Nigeria’s Buhari wants Africa to be known as much for its products as it is for its natural resources, but in order to do that, he said “Africa,..needs not only a trade policy but also a continental manufacturing agenda”. “Our vision for intra-African trade is for the free movement of ‘made in Africa’ goods.'”

There is, however, a catch: making it easier to trade goods through Africa for Africans will also further open the world to the purchasing power of Africans. Adeleke believes China might be the ultimate beneficiary from the AfCFTA. “It’s already strategically positioned across Africa to take advantage of the huge market,” he said. “Trade liberalisation, single currency etc. will pave a way for China products to compete with Africa products more favourably. China would become the last but luckiest to ‘colonise a united Africa’. The dismantling of trade barriers would facilitate that.”

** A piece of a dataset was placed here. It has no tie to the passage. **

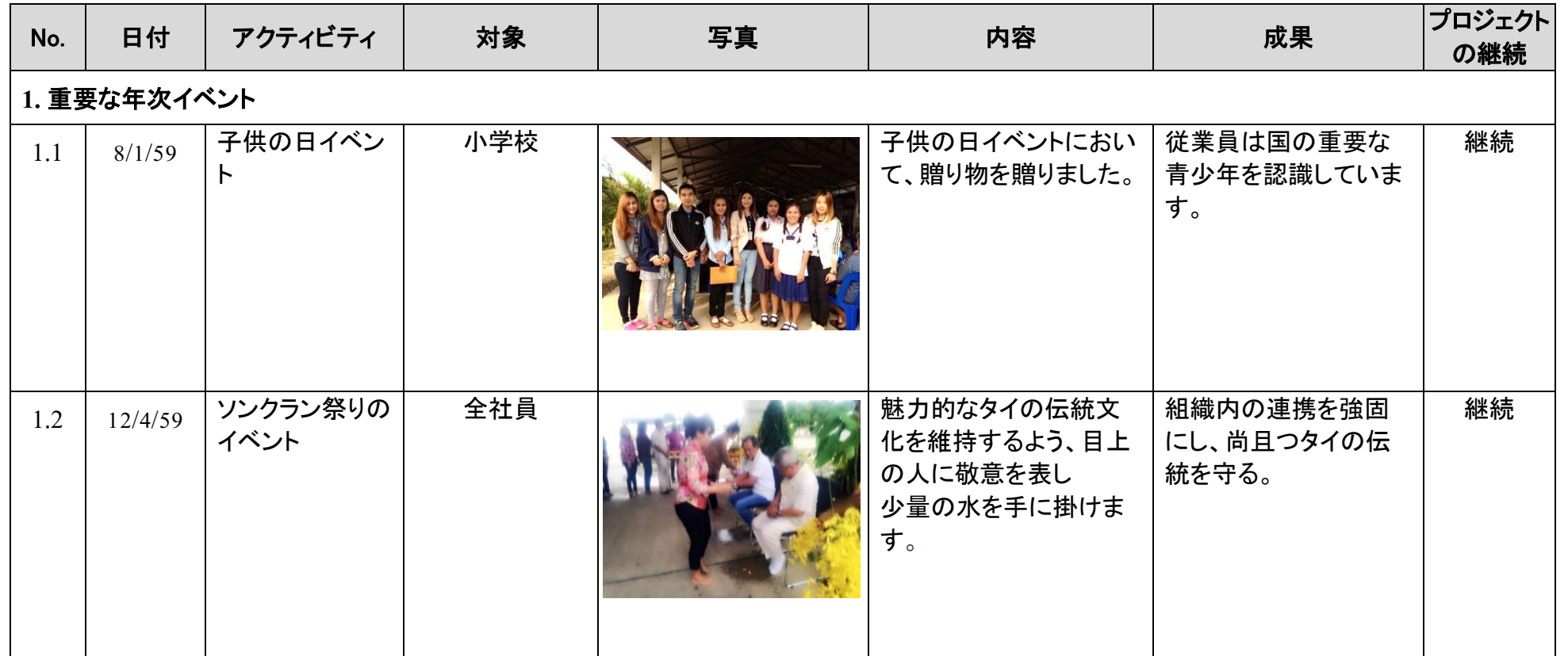
表1 会社の広報活動計画「広報と社会貢献（CSR）」
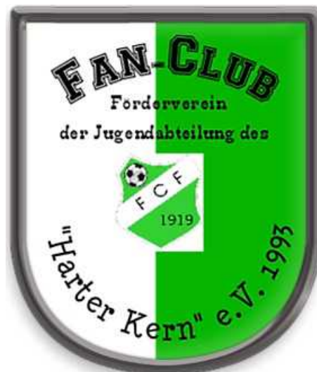
Das neue Vereinswappen des Fan-Club „Harter Kern“ e.V. 1993 entworfen durch Markus Binsner (Dez 2017)

Der neue Vorsitzende des Fan-Club sortierte erst einmal die alten, übergebenen Unterlagen des Vereins. Alle wichtigen Unterlagen (Protokolle, Beschlüsse usw.) wurden durch ihn digitalisiert und auf Datenträgern abgespeichert. Die gesamten Mitgliedsdaten wurden als Datensätze, mittels einer Vereinssoftware, erfasst und abgespeichert. Die Anschriften der Vereinsangehörigen wurden überprüft und aktualisiert. Für das Auftreten des Vereins in der Öffentlichkeit ist zudem ein neues Vereinswappen entworfen worden und wird von der Vorstandschaft seit Dez 2017 verwendet.

David Luke, the coordinator of the African Trade Policy Centre at the UN Economic Commission for Africa, is a key person in developing and promoting the AfCFTA. He told Al Jazeera the free trade area represents the future of Africa. He also believes that multinational projects such as China’s Belt and Road Initiative will quicken Africa’s integration.

“One of the key limitations to intra-Africa trade is inadequate trade-related infrastructure that has contributed to high transport costs … to the extent that China’s Silk and Road project will help African countries in addressing infrastructure gaps,” Luke told Al Jazeera. “While the  AfCFTA is an African project, under the auspices of the African Union, it is in itself a development of continental significance, and global importance.”

Our frustrated Lagosian shop owner is hoping new trade rules will lower the prices she pays for the beauty products she sells and thereby increase her profit and standard of living. She supports  AfCFTA so that more people, “Even someone like myself can also start trading with neighbouring countries without problems,” she said.